Likewise, there was a highly significant reduction in binding (P<0.01) of all eight mAbs with mutants in540 and in549 (Fig. 2 and Table 2), showing that this region, which forms part of the central DI domain in the model (Fig. 6), is also essential for correct protein folding. It has been observed that mutation of the glycosylation site at N540 consistently reduces the affinity of various neutralizing antibodies, including CBH-5, CBH-7 and H48 (Helle et al., 2007; Owsianka et al., 2008), suggesting that absence of the glycan induces a local change in conformation. It is not surprising, therefore, that an insertion at this position has a similar effect.

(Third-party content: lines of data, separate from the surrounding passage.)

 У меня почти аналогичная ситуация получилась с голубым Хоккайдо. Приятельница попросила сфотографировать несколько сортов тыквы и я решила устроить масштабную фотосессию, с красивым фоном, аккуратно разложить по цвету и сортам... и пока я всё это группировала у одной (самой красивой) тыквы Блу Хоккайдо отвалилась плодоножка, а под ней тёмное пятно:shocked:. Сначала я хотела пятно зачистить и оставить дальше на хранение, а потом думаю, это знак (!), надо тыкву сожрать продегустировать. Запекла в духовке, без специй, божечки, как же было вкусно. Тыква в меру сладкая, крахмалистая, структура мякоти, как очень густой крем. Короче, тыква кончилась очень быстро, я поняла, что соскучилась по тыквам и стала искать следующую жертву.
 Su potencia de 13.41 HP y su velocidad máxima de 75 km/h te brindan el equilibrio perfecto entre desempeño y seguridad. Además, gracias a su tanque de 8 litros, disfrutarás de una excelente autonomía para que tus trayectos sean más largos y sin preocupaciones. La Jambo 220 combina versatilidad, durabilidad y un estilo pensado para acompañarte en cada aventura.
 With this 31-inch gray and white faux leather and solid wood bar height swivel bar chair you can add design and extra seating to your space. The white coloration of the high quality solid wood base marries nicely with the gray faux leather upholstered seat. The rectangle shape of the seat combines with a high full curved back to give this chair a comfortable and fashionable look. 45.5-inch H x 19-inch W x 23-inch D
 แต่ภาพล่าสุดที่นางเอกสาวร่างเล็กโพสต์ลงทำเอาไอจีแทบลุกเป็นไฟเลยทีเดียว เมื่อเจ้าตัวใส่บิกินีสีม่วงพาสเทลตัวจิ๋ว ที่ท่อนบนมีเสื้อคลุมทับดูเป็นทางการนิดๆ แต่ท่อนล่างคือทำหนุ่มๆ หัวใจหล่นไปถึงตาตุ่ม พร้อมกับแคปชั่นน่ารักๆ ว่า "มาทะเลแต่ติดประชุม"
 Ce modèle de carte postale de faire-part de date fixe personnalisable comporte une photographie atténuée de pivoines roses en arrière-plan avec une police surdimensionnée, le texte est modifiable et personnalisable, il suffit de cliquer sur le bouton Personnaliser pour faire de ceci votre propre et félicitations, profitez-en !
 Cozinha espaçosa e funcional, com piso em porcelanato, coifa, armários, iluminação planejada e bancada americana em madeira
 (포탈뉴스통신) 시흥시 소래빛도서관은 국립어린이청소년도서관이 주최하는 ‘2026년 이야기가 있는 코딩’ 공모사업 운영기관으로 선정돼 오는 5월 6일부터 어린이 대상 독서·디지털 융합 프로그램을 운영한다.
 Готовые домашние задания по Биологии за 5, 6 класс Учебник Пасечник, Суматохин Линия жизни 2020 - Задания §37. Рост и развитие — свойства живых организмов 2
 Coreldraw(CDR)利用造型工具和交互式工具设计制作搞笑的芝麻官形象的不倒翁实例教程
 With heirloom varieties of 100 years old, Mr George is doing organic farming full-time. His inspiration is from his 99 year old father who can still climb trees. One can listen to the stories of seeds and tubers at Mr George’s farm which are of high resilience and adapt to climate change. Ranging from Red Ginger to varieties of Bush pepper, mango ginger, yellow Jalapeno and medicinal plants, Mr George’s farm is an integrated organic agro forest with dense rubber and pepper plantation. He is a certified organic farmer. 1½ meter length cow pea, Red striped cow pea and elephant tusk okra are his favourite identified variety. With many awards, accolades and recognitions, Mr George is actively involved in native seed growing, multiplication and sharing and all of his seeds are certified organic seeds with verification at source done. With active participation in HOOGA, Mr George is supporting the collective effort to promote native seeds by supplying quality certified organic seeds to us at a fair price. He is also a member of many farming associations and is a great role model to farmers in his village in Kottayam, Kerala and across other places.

In contrast, mutations in two other regions, amino acid residues 531–534 and 587–597, had a more selective effect. Insertions in531 and in533 severely reduced the binding of H35, H48 and CBH-5, but had little or no effect on the binding of the other five mAbs. Insertion in587 severely reduced the binding of CBH-4B, -4D and -4G and moderately that of H35, CBH-5 and CBH-7, but had no effect on H48 and H53. Similarly, in596 severely reduced the binding of CBH-4B, -4D and -4G, and moderately that of CBH-7, but had no effect on the other four mAbs (Fig. 2 and Table 2). Therefore, these insertions do not cause E2 to misfold, but probably disrupt antibody epitopes or else induce a very local conformational change that affects the binding of some mAbs but not others. The mAbs used in this study have been fairly well characterized, but our knowledge of the residues that contribute to their conformational epitopes is incomplete. The five human mAbs map to three distinct domains: CBH-4B, -4D and -4G to domain A, CBH-5 to domain B and CBH-7 to domain C (Hadlock et al., 2000; Keck et al., 2004a). Domain A mAbs are non-neutralizing, whereas domain B and C mAbs inhibit E2–CD81 binding and neutralize infectivity (Keck et al., 2004a; Owsianka et al., 2008). Mouse mAbs H35 and H48 are neutralizing, while H53 is non-neutralizing (Bartosch et al., 2003a; Cocquerel et al., 1998; Dubuisson et al., 1994). The neutralizing mAbs H35, H48 and CBH-5 have a similar footprint, and Gly-530 is a critical binding residue for all three antibodies (Keck et al., 2008; Owsianka et al., 2006, 2008). This suggests that insertions in531 and in533 directly disrupt an important component of their common epitope, with little impact on E2 conformation. On the other hand, insertions in587 and in596 affect the binding of mAbs that recognize different epitopes, so they may induce a local conformational change that does not alter the overall folding of E2.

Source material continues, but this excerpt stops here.